En conséquence, il convient de renvoyer l'affaire à l'audience de mise en état du 8 octobre 2024 pour que Monsieur [B] [O] et Madame [E] [G] épouse [O] notifient leurs conclusions en réponse au fond, selon les modalités fixées au dispositif de la présente décision.
Sur les mesures accessoires
Aux termes des dispositions de l'article 790 du code de procédure civile, le juge de la mise en état peut statuer sur les dépens et les demandes formées en application de l'article 700.

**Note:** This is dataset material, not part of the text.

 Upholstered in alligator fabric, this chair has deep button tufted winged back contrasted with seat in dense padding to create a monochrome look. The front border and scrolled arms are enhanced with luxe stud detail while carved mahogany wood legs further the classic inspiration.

En l'espèce, la S.A.R.L. COMPAGNIE FRANÇAISE D'INVESTISSEMENT CFI, partie perdante pour l'essentiel dès lors qu'elle succombe en sa fin de non-recevoir, sera condamnée aux dépens de l'incident, et il ne sera pas fait droit à sa demande formée au titre des frais irrépétibles.

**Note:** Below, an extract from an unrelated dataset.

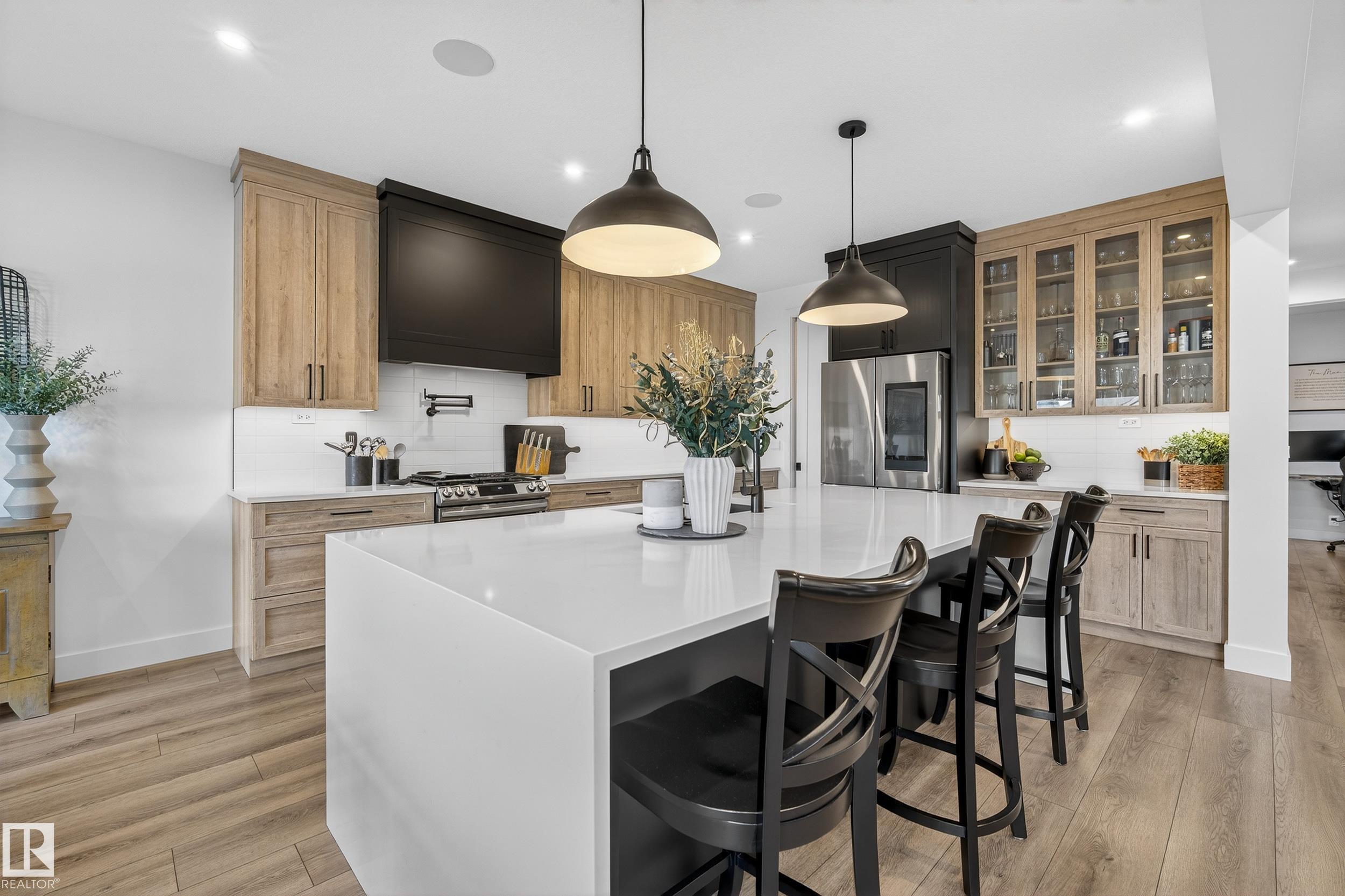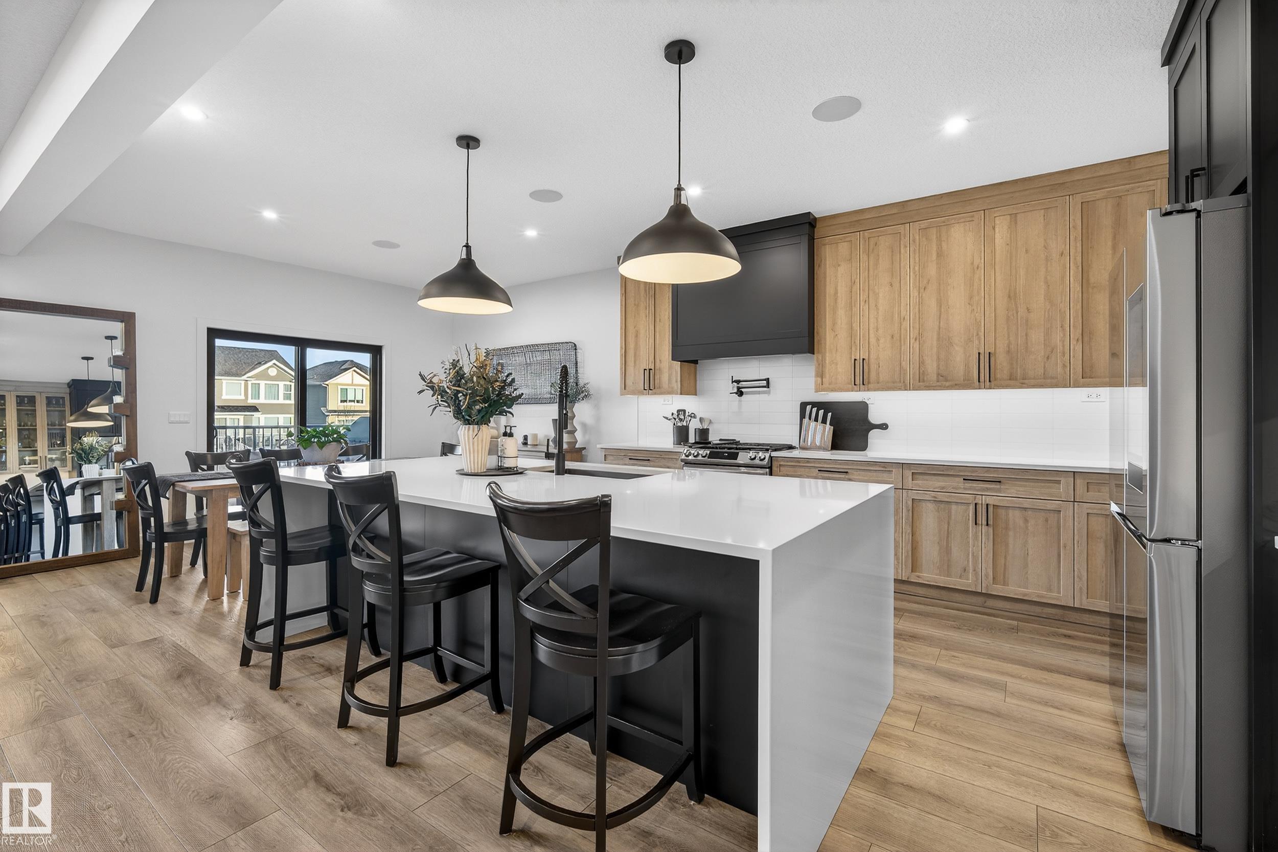 Stunning 2-storey walk-out in Aspen Trails, built by Launch Homes. This 2,308 sqft property offers luxurious living w/ a clear emphasis on quality & attention to detail, backing directly onto green space. The main floor features an open-concept w/ vinyl plank flooring throughout, a living room open to below, & a dining area that opens onto the upper deck. The chef?s kitchen is a standout, finished w/ SS appliances, a large island, tons of cabinetry & walkthrough pantry. Upstairs offers three bedrms, including the primary suite w/ a walk-in closet & spa-like 6pc ensuite, along w/ the convenience of upper-floor laundry. The walk-out basement continues the level of finish w/ a 4th bedroom, a 4pc bath, a dedicated gym, & a custom wine room built beneath the stairs. The backyard is finished with low-maintenance landscaping, a putting green, & a hot tub. Additional features include central air conditioning and an epoxy-finished garage floor. Located close to parks, schools, shopping, and walking trails.

Elle sera également condamnée à payer à Madame [E] [G] épouse [O] une indemnité au titre des frais non compris dans les dépens que cette dernière a été contrainte d'exposer pour faire valoir ses droits dans le cadre du présent incident, que l'équité et la situation économique des parties commandent de fixer à la somme de 800 euros, conformément aux dispositions de l'article 700 du même code.

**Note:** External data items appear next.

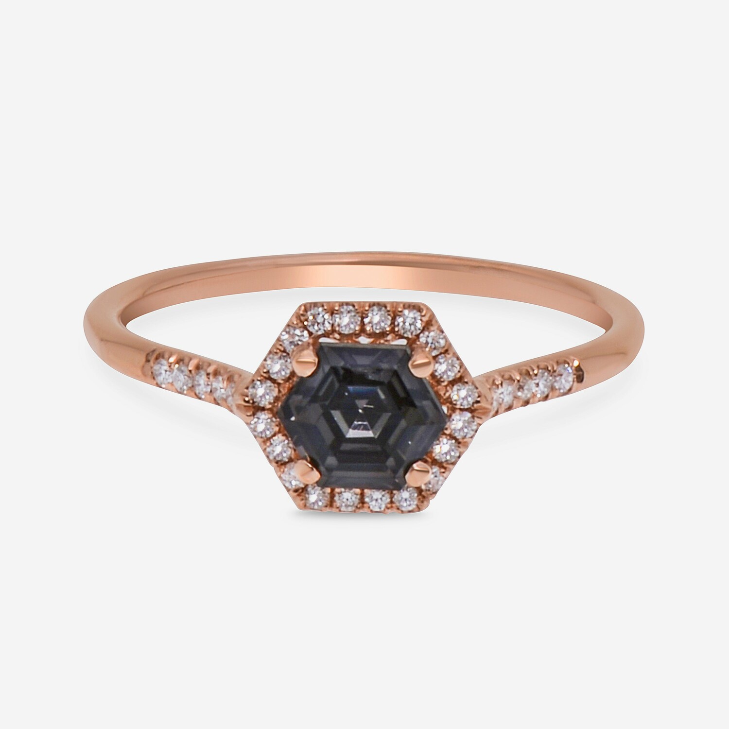 14K Rose Gold Diamond + Black Night Quartz Ring // Ring Size: 6.25 // New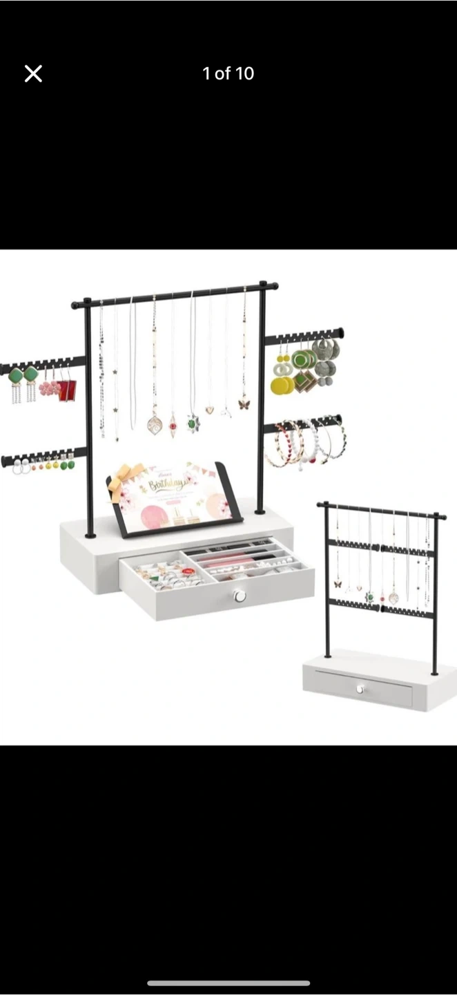 Keep your dresser neat and organized with this jewelry organizer! It features a drawer and hanging rack to store all your favourite pieces. It's perfect for necklaces, bracelets, earrings, and more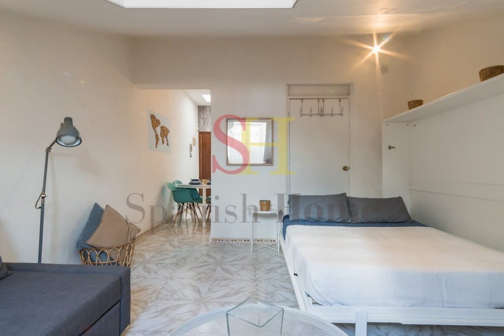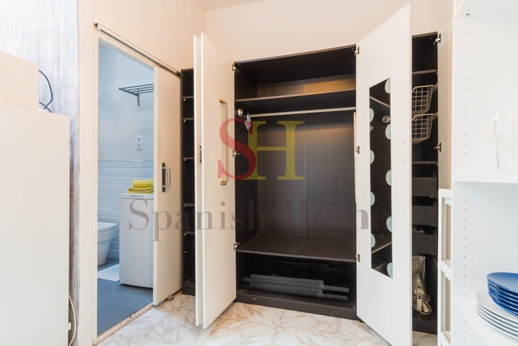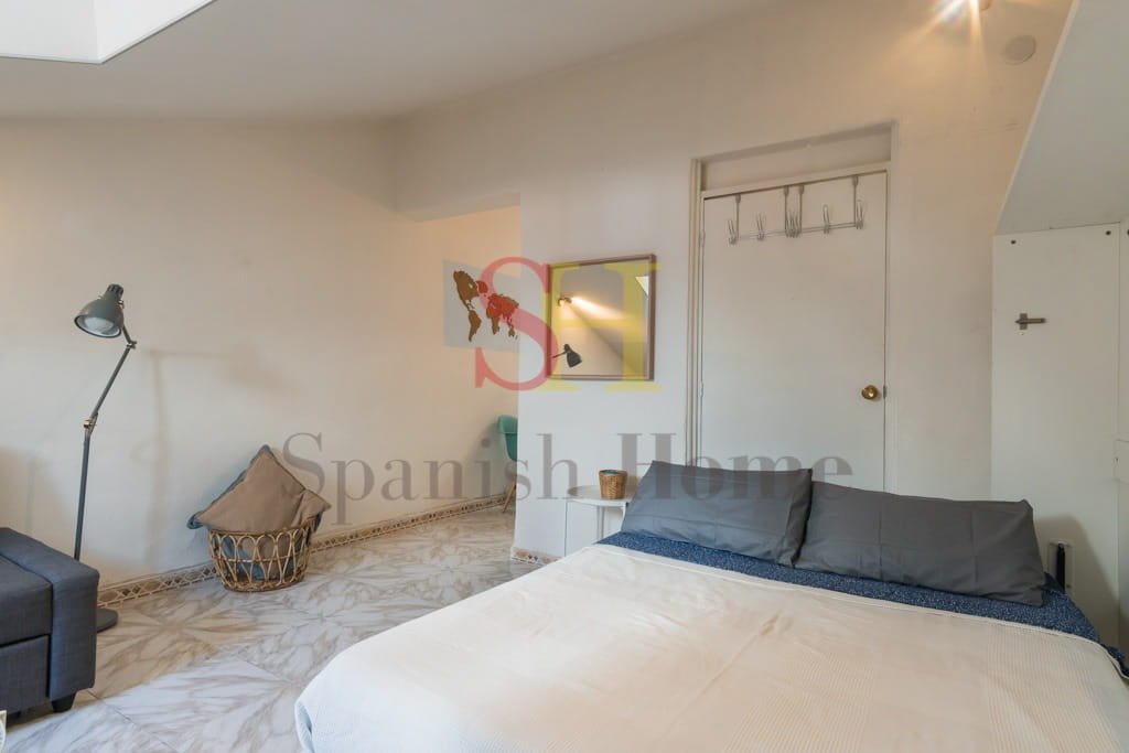 El piso dispone de un amplio salón-dormitorio diseñado para aprovechar al máximo el espacio. Cuenta con una práctica cama abatible y un cómodo sofá-cama, ideal para recibir visitas. Además, encontrarás una televisión de buen tamaño, aire acondicionado con bomba de calor, mesas de centro y de noche, y un amplio armario para guardar todas tus pertenencias.

Il convient de rappeler que la présente décision est assortie de l'exécution provisoire de droit, en vertu des dispositions de l'article 514 dudit code, étant observé qu'aucune des parties ne sollicite que celle-ci soit écartée sur le fondement des dispositions de l'article 514-1 de ce code.
PAR CES MOTIFS
Le juge de la mise en état, statuant publiquement par mise à disposition au greffe, par ordonnance contradictoire rendue en premier ressort,
DÉBOUTE la S.A.R.L. COMPAGNIE FRANÇAISE D'INVESTISSEMENT CFI de sa fin de non-recevoir tirée du défaut de qualité à agir et à défendre de Madame [E] [G] épouse [O],
DÉCLARE Madame [E] [G] épouse [O] recevable en sa demande de communication de pièce ainsi qu'en l'intégralité de ses moyens de défense et demandes reconventionnelles formées devant le tribunal statuant au fond à l'encontre de la S.A.R.L. COMPAGNIE FRANÇAISE D'INVESTISSEMENT CFI,
DÉBOUTE Monsieur [B] [O] et Madame [E] [G] épouse [O] de leur demande de communication sous astreinte de l'exemplaire original de l'acte de renouvellement du contrat de bail commercial en date du 1er juillet 2016 détenu par la S.A.R.L. COMPAGNIE FRANÇAISE D'INVESTISSEMENT CFI,
DÉBOUTE Monsieur [B] [O] et Madame [E] [G] épouse [O] de leur demande de rejet des débats de la photocopie de l'acte de renouvellement du contrat de bail commercial en date du 1er juillet 2016 communiquée par la S.A.R.L. COMPAGNIE FRANÇAISE D'INVESTISSEMENT CFI,
RENVOIE l'affaire à l'audience de mise en état dématérialisée de la 18ème chambre - 3ème section du mardi 8 octobre 2024 à 11h30, avec invitation à Maître Brigitte BILLARD-SEROR à notifier ses conclusions au fond pour le compte de Monsieur [B] [O] et de Madame [E] [G] épouse [O] pour le 7 octobre 2024 au plus tard,
RAPPELLE que sauf convocation spécifique à l'initiative du juge de la mise en état ou d'entretien avec ce dernier sollicité par les conseils, les audiences de mise en état se tiennent sans présence des conseils, par échange de messages électroniques via le RPVA ; que les éventuelles demandes d'entretien avec le juge de la mise en état doivent être adressées, par voie électronique, au plus tard la veille de l'audience à 12h00 en précisant leur objet, l'entretien se tenant alors le jour de l'audience susvisée à 11h30,
DÉBOUTE la S.A.R.L. COMPAGNIE FRANÇAISE D'INVESTISSEMENT CFI et Monsieur [B] [O] de leur demande d'indemnité respective présentée sur le fondement des dispositions de l'article 700 du code de procédure civile,
CONDAMNE la S.A.R.L. COMPAGNIE FRANÇAISE D'INVESTISSEMENT CFI à payer à Madame [E] [G] épouse [O] la somme de 800 (HUIT CENTS) euros sur le fondement des dispositions de l'article 700 du code de procédure civile,
CONDAMNE la S.A.R.L. COMPAGNIE FRANÇAISE D'INVESTISSEMENT CFI aux dépens de l'incident,
RAPPELLE que la présente décision est exécutoire de droit à titre provisoire.